◆ **PROBLEM DESCRIPTION**
Using the data below, output a verbatim copy of the lines between the one holding "海马汽车2月业绩惨淡 产销量均仅超千台" and the one holding "This Spicy Shredded", inclusive, without any pictures.

◆ **SOURCE MATERIAL**
##############################

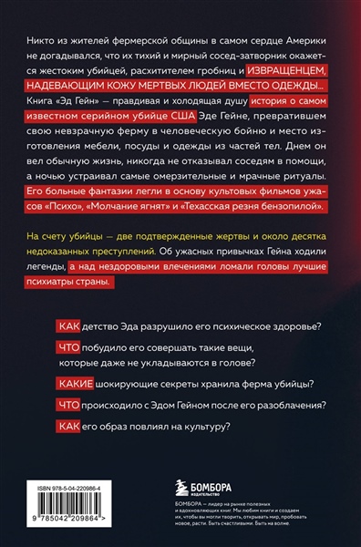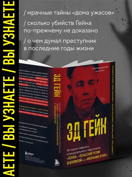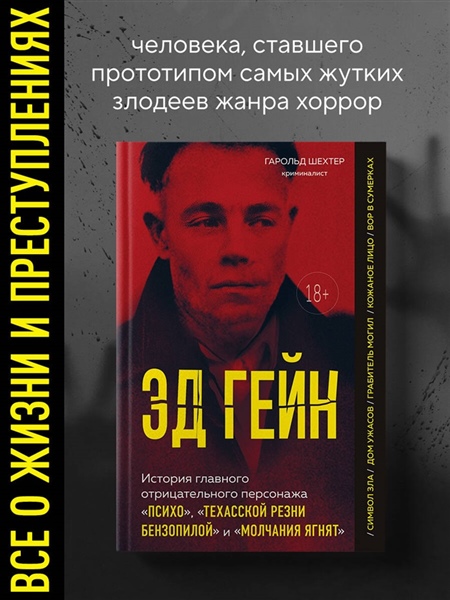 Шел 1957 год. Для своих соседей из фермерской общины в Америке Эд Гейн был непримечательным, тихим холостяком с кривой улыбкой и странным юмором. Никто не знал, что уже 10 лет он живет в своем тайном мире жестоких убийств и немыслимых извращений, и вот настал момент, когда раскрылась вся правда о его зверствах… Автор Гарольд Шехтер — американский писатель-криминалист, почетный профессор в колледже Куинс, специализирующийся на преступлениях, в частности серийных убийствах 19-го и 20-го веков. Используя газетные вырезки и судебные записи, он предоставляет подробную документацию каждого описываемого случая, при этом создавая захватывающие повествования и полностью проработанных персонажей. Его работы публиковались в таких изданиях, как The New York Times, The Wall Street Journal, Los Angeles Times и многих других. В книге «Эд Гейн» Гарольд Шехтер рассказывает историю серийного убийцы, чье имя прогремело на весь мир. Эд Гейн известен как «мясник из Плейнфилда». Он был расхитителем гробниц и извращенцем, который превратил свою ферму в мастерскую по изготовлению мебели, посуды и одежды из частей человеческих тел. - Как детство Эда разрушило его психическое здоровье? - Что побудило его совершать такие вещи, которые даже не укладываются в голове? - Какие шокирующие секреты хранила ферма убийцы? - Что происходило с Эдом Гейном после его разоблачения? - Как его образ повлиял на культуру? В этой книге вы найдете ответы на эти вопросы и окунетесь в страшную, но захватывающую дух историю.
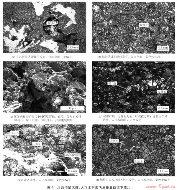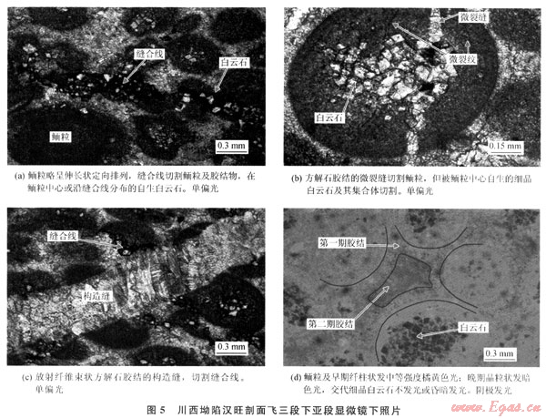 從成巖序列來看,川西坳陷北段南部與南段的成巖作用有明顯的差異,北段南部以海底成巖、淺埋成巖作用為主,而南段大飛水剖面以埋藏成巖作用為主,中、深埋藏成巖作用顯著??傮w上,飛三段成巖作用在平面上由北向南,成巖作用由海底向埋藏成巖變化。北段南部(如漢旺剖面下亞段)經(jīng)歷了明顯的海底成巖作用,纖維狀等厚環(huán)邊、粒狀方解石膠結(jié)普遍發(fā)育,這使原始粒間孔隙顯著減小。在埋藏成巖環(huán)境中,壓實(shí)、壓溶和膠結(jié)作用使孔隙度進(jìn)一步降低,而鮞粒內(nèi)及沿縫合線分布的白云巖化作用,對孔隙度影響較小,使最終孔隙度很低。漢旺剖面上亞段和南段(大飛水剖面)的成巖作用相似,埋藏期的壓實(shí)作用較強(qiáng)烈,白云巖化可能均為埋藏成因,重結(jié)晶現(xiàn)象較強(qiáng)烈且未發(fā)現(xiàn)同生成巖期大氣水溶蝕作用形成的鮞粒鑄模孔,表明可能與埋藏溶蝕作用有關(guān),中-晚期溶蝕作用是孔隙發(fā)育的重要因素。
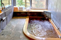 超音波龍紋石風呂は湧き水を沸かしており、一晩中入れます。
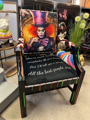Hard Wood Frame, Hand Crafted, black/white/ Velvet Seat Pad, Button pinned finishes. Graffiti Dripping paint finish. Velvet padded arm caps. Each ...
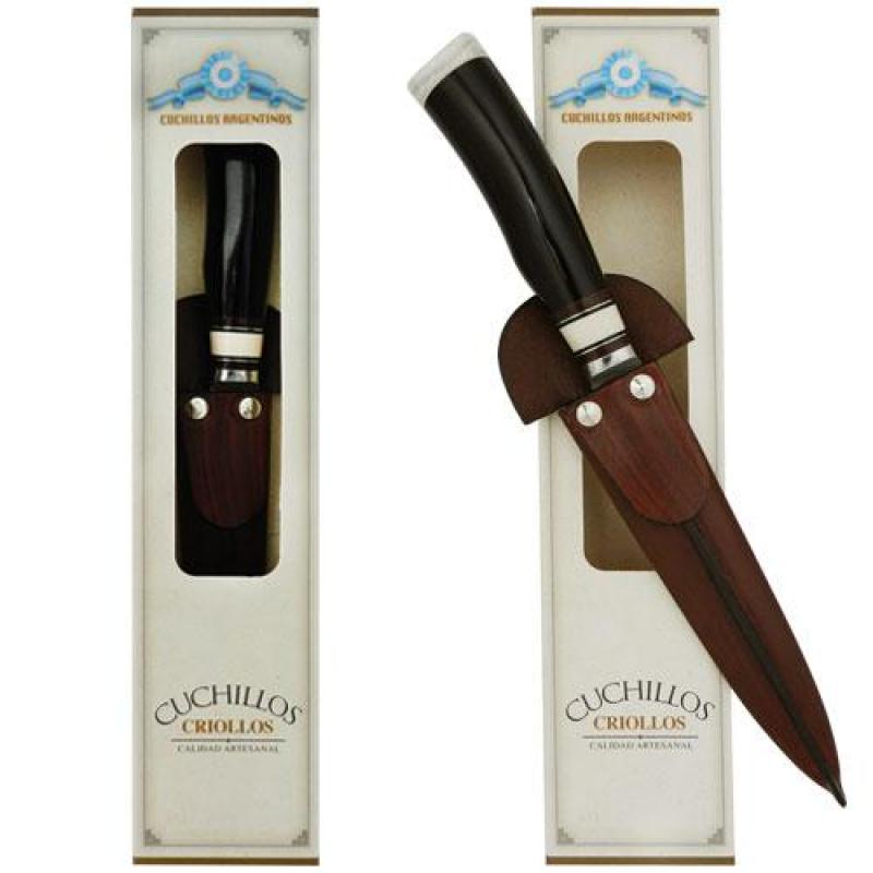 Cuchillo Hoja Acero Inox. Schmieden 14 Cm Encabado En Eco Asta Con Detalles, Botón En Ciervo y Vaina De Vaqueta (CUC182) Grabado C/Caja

##############################

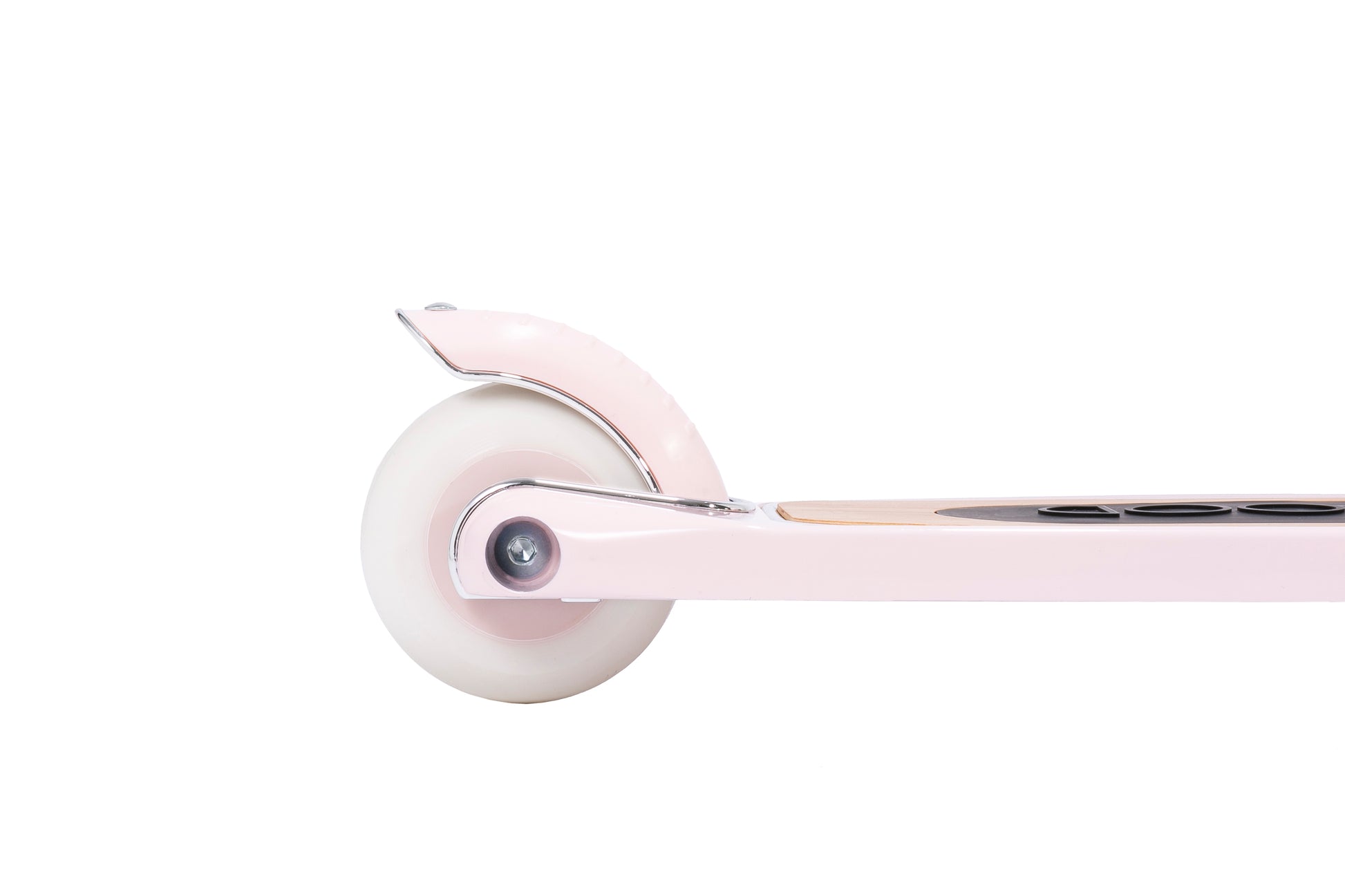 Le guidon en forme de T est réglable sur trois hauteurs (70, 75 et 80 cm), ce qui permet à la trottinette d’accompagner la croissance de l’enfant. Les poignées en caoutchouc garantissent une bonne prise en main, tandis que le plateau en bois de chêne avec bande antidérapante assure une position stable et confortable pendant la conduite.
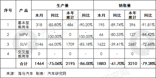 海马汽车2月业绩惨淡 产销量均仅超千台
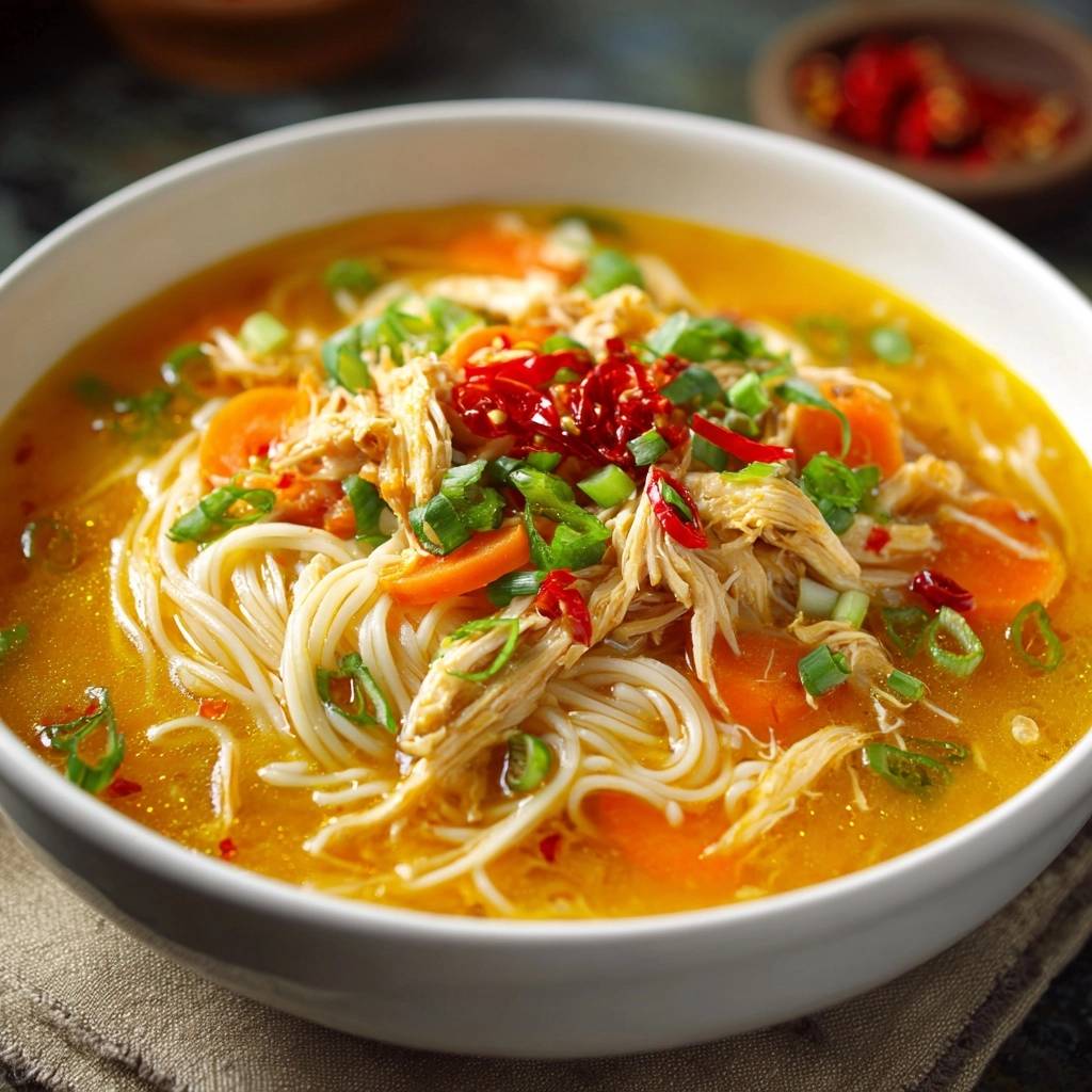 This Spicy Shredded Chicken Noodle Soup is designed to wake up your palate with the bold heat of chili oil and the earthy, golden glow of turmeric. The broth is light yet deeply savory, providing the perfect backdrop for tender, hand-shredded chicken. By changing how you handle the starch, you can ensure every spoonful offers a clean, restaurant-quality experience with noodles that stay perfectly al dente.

##############################

◆ **RESPONSE TO THE TASK**
 海马汽车2月业绩惨淡 产销量均仅超千台
 This Spicy Shredded Chicken Noodle Soup is designed to wake up your palate with the bold heat of chili oil and the earthy, golden glow of turmeric. The broth is light yet deeply savory, providing the perfect backdrop for tender, hand-shredded chicken. By changing how you handle the starch, you can ensure every spoonful offers a clean, restaurant-quality experience with noodles that stay perfectly al dente.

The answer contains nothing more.